The University of Wisconsin-Madison is offering a new course next semester titled “The Problem of Whiteness.”

The course description reads, “Have you ever wondered what it really means to be white? If you’re like most people, the answer is probably “no.” But here is your chance!”

It will be taught by Professor Damon Sajnani, who is a self-described “international radical” professor and known to be controversial on Twitter on issues like police brutality and the Ku Klux Klan.

“Critical Whiteness Studies aims to understand how whiteness is socially constructed and experienced in order to help dismantle white supremacy,” the course description continues.

This course is not going over well with some, including Wisconsin Rep. Dave Murphy. Murphy is the chairman of the Assembly Committee on Colleges and Universities and has asked the university to cancel the course, threatening to pull funding.

“I am extremely concerned that UW-Madison finds it appropriate to teach a course called, ‘The Problem of Whiteness,’ with the premise that white people are racist,” Murphy said in a statement regarding the class.

Murphy also shows concerns about the professor in his statement.

“Even more troubling, the course is taught by a self-described ‘international radical’ professor whose views are a slap in the face to the taxpayers who are expected to pay for this garbage.”

The legislator is prompting the university to discontinue the course.

“If UW-Madison stands with this professor, I don’t know how the University can expect the taxpayers to stand with UW-Madison.”

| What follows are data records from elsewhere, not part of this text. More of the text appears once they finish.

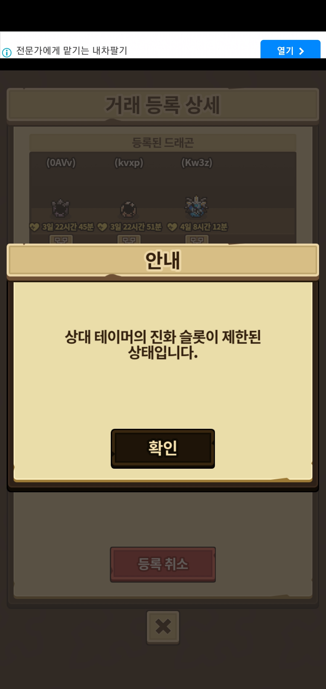 제가 거래게시판 올리고 스텔스가 들어왔거든요 전 이거 한마리도 너무 기뻤어요 근데 거래수락하려니까 이 문구가 뜨더라구요 전에도 스킨크,팽이버섯,애플칙으로 거래게시판 올렸는데 고대신룡 뜨길래 수락을 눌렀는데 그전에도 이 문구가 떴어요 왜 제가 수락만 누르면 이 문구가 뜨는 이유를 알고싶네요 게스트 계정이라 그런가요?
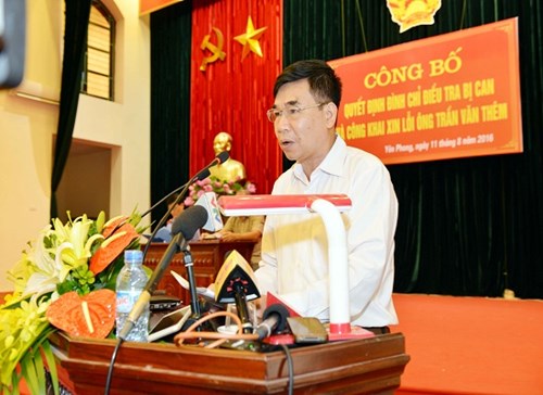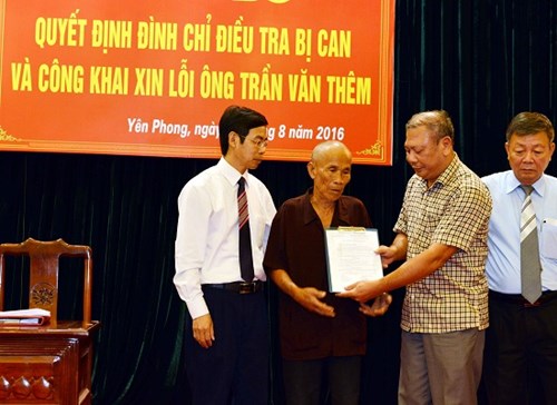 Buổi công bố quyết định đình chỉ điều tra bị can và công khai xin lỗi đối với ông Trần Văn Thêm (trú tại thôn Đức Lân, xã Yên Phụ, huyện Yên Phong, tỉnh Bắc Ninh) có sự tham dự của đồng chí Bùi Ngọc Hòa, Phó chánh án Thường trực TAND tối cao; Trung tướng Trần Trọng Lượng, Phó tổng cục trưởng Tổng cục Xây dựng lực lượng Bộ Công an; lãnh đạo Viện Kiểm sát nhân dân tối cao; TAND cấp cao tại Hà Nội, Viện Kiểm sát nhân dân cấp cao tại Hà Nội, các đơn vị chức năng của liên ngành các cơ quan Tư pháp Trung ương; đại diện Tỉnh ủy, UBND, Mặt trận Tổ quốc tỉnh Bắc Ninh cùng các cơ quan của huyện Yên Phong và xã Yên Phụ; sự tham dự trực tiếp của ông Trần Văn Thêm cùng đại diện gia đình và nhân dân địa phương.
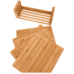 Sustainable Wood Bamboo Chopping Board Four-piece Set Household Kitchen Set with Rack Fruit Cutting Board
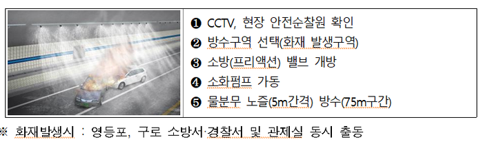 특히, 지하도로에 전용소방차 5대가 상시 배치돼 있어 화재진압 및 구조구난 작업에 즉각적으로 대응할 수 있으며, 전용소방차에는 전기차 화재진압을 위한 특수장비(압축공기포)도 탑재돼 있다.
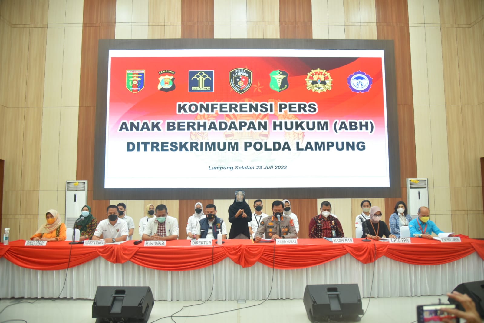 Hadir dalam konferensi pers tersebut, Dirkrimum Kombes Pol Reynold Hutagalung, Kadiv PAS Kemenkumham Lampung Farid Djunaidi, Ketua Tim Forensik RS Bhayangkara dr Jims Ferdinan Tambunan.Sp,F, UPTD PPA Aira, Dinas Sosial Ratna F, dan turut hadir Organisasi Pemerhati Anak, Lembaga Perlindungan Anak Indonesia (LPAI) Prov Lampung Andi Lian, Sabtu (23/7/22).
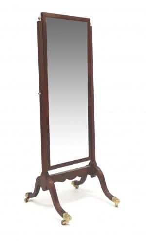 Acajou et laiton, pieds griffes, H 150 cm. Provenance: collectio...
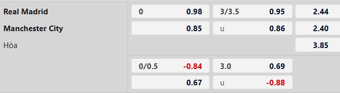 Thông tin tỷ lệ kèo bóng đá Real Madrid vs Man City:
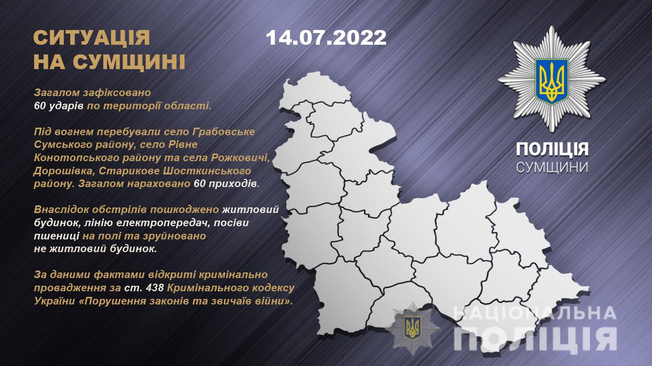 За даними фактами відкриті кримінально провадження за ст. 438 Кримінального кодексу України «Порушення законів та звичаїв війни». Поліція документує наслідки обстрілів.
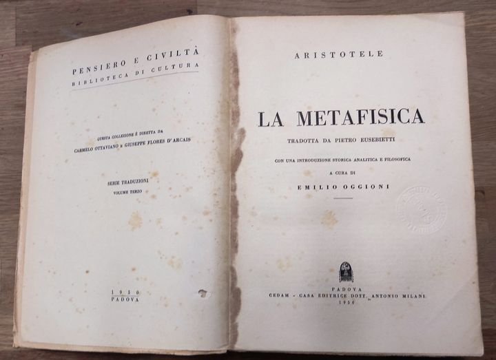 La metafisica, tradotta da Pietro Eusebietti ; con una introduzione storica analitica e filosofica a cura di Emilio Oggioni | Libri antichi e moderni | Aristoteles, ,Aristoteles
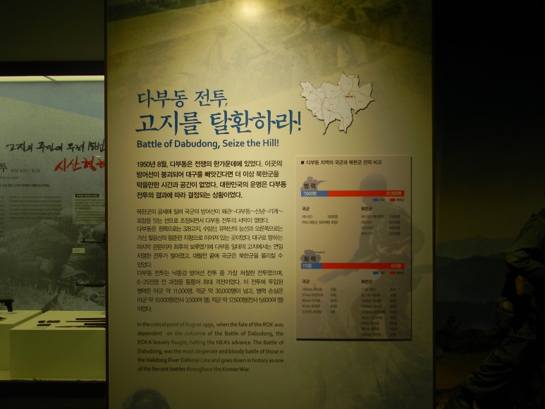 칠곡호국평화기념관 호국전시관 내부 (낙동강방어선, 칠곡 금무봉 전투, 328고지 전투, 다부동전투, 볼링앨리전투)
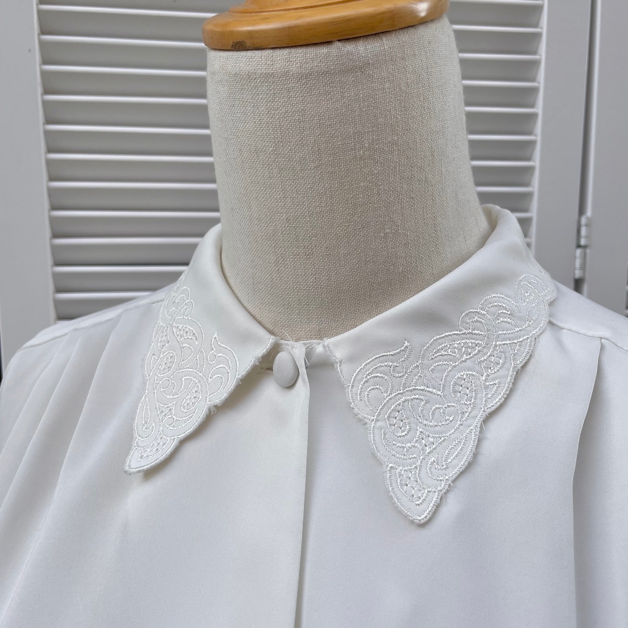 embroidery collar shoulder tuck blouse 〈レトロ古着 刺繍襟 肩タックホワイトブラウス 日本製〉
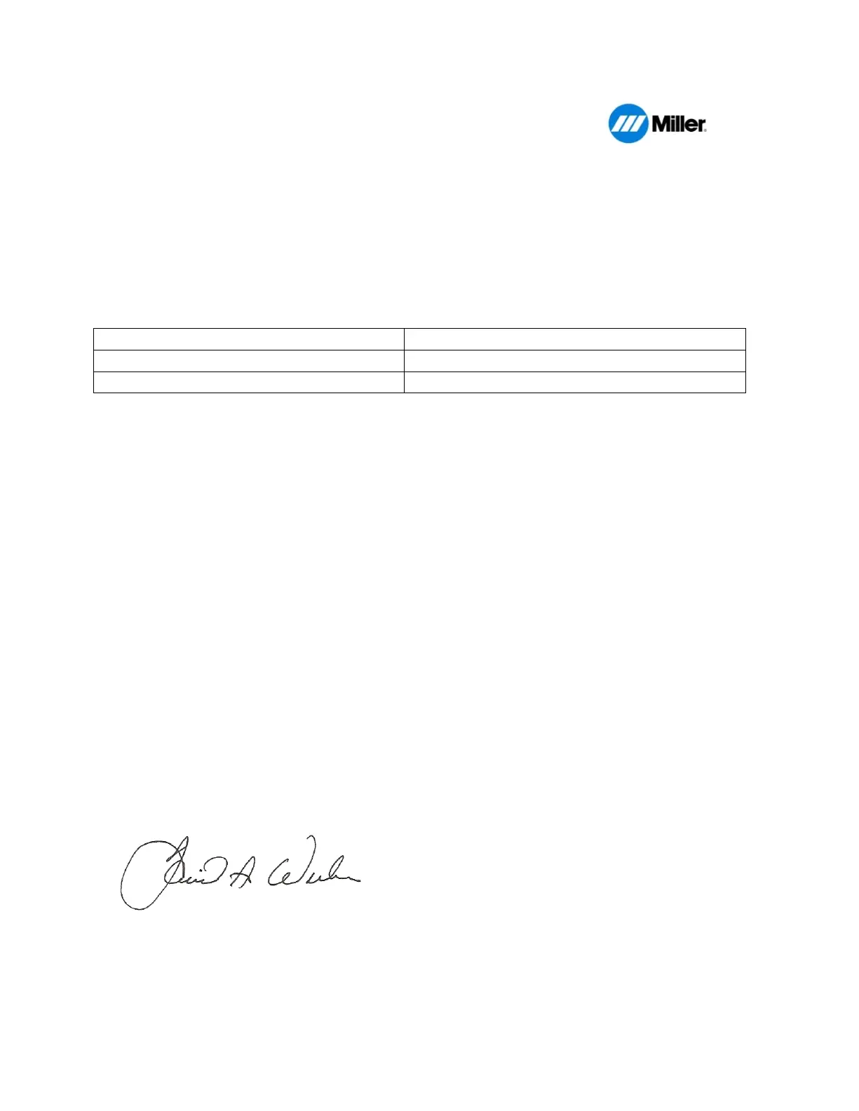 MILLER Electric Mfg. Co., 1635 Spencer Street, Appleton, WI 54914 U.S.A. declares that
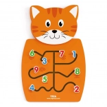 Drewniany kot z labiryntami do przesuwania liczby i rozwijania małej motoryki.
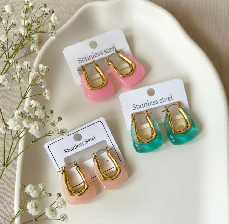 گوشواره رزینی مدل مستطیلی با پایه ضد حساسیت با آبکاری رودیوم
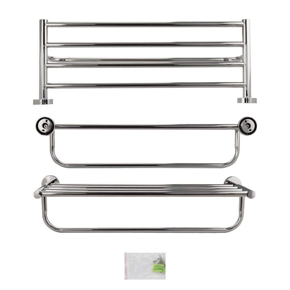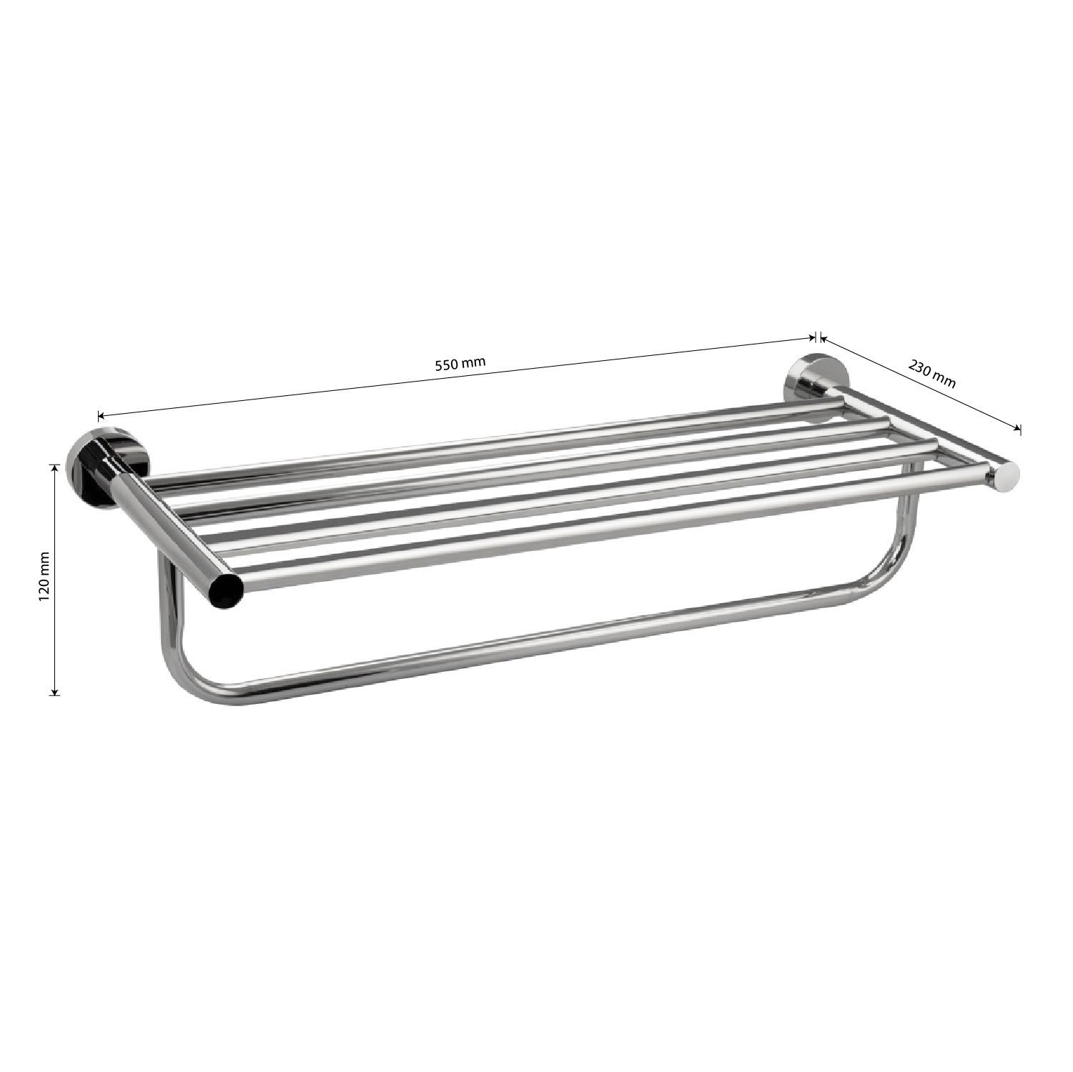 Полка для полотенца с опорой, большая, для ванной, привлекает своим современным дизайном, многофункциональностью и надежностью конструкции. Кухня, ванная, прихожая, кладовка или гардеробная - эта полка идеально подойдет везде. Металлическая полка оснащена дополнительной перекладиной. Безупречно отшлифованная нержавеющая сталь делает её устойчивой к влаге и исключает появление ржавчины. Полка для ванной функциональное и практичное решение для любого интерьера. Материал изготовления — нержавеющая сталь марки 304. Хромированное покрытие очень стойко переносит истирания и обеспечивает зеркальный блеск изделия. Идеально подойдет не только для ванной, но и для кухни. Изделие крепится к стене с помощью дюбелей и саморезов (входят в комплект). Габаритные размеры: ширина 550 мм, глубина 230 мм, высота 120 мм. Вес - 1,350 кг, объём - 0,03000 м3
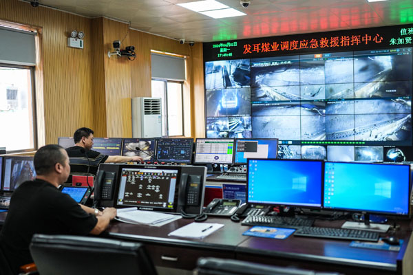 2018年,發(fā)耳煤礦在貴州率先建成智能化綜采工作面,成為貴州省第一家實現(xiàn)綜采工作面智能化、生產(chǎn)輔助系統(tǒng)信息化的礦井。圖為4月1日,發(fā)耳煤業(yè)工作人員在調(diào)度應急救援指揮中心工作。記者 陶亮 攝
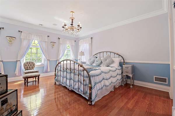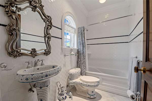 Enter through grand 10-foot double doors into a dramatic two-story foyer, where radiant heated marble floors with an inlaid mosaic design meet a sweeping bridal staircase and gold-accented custom moldings. The gourmet chef's kitchen is a showstopper, featuring top-of-the-line Viking appliances, a walk-through pantry, and a full second summer kitchen for seamless entertaining.
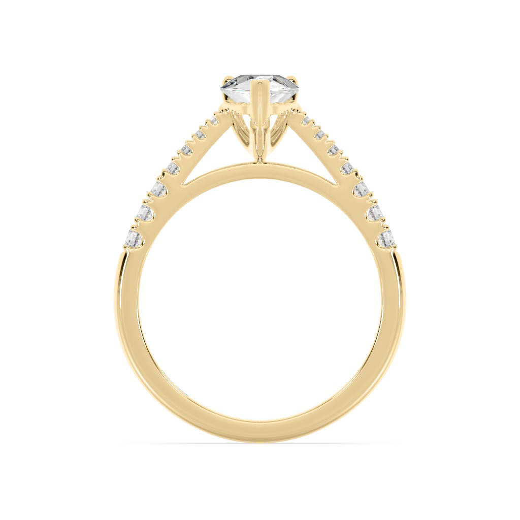 \n Pear shape centre diamond (1.00ct shown)\n Cap and claw setting\n 14 round brilliant cut diamonds (6x0.21ct, 4x0.015ct, 2x0.01ct, 2x0.008ct)\n Split shared claw set into shoulders\n Total diamond weight = 0.21ct\n Under rail style band\n High dome band profile\n 2.20mm wide band\n
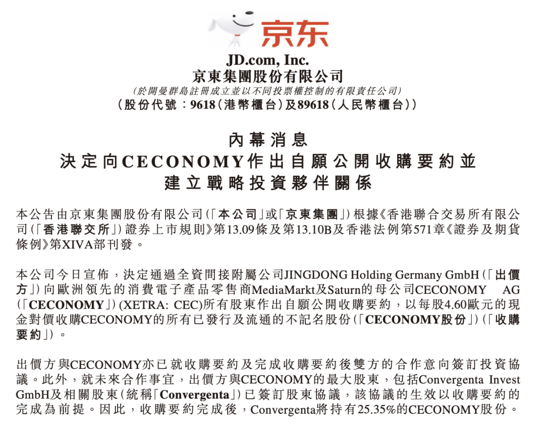 7月31日,京東發佈公告稱,決定通過全資間接附屬公司JINGDONG Holding Germany GmbH向歐洲消費電子產品零售商MediaMarkt及Saturn的母公司CECONOMY AG所有股東作出自願公開收購要約,以每股4.60歐元的現金對價收購CECONOMY的所有已發行及流通的不記名股份,並建立戰略投資夥伴關係。

Milwaukee Country Sheriff David Clarke is also chiming in on the situation as he wrote on Twitter, “This is racism against white people. ALL racism is wrong. This garbage is being taught at a state funded school.”

Sajnani is standing his ground. “Good day haters! Keep fueling me with your Tomfoolery. The angrier whites are about interrogating their identity the greater is the need 4 it,” he wrote yesterday on Twitter.

The course is receiving both negative and positive feedback online.

“‘The problem with whiteness’ this is low. I am no racist and don’t deserve to be treated that way because of my race,” one person writes on Twitter.

Another person wrote, “My only complaint about this course is that I already graduated from the UW and can’t take it.”

The university is not backing down either, releasing a statement saying the course, “will benefit students who are interested in developing a deeper understanding of race issues.”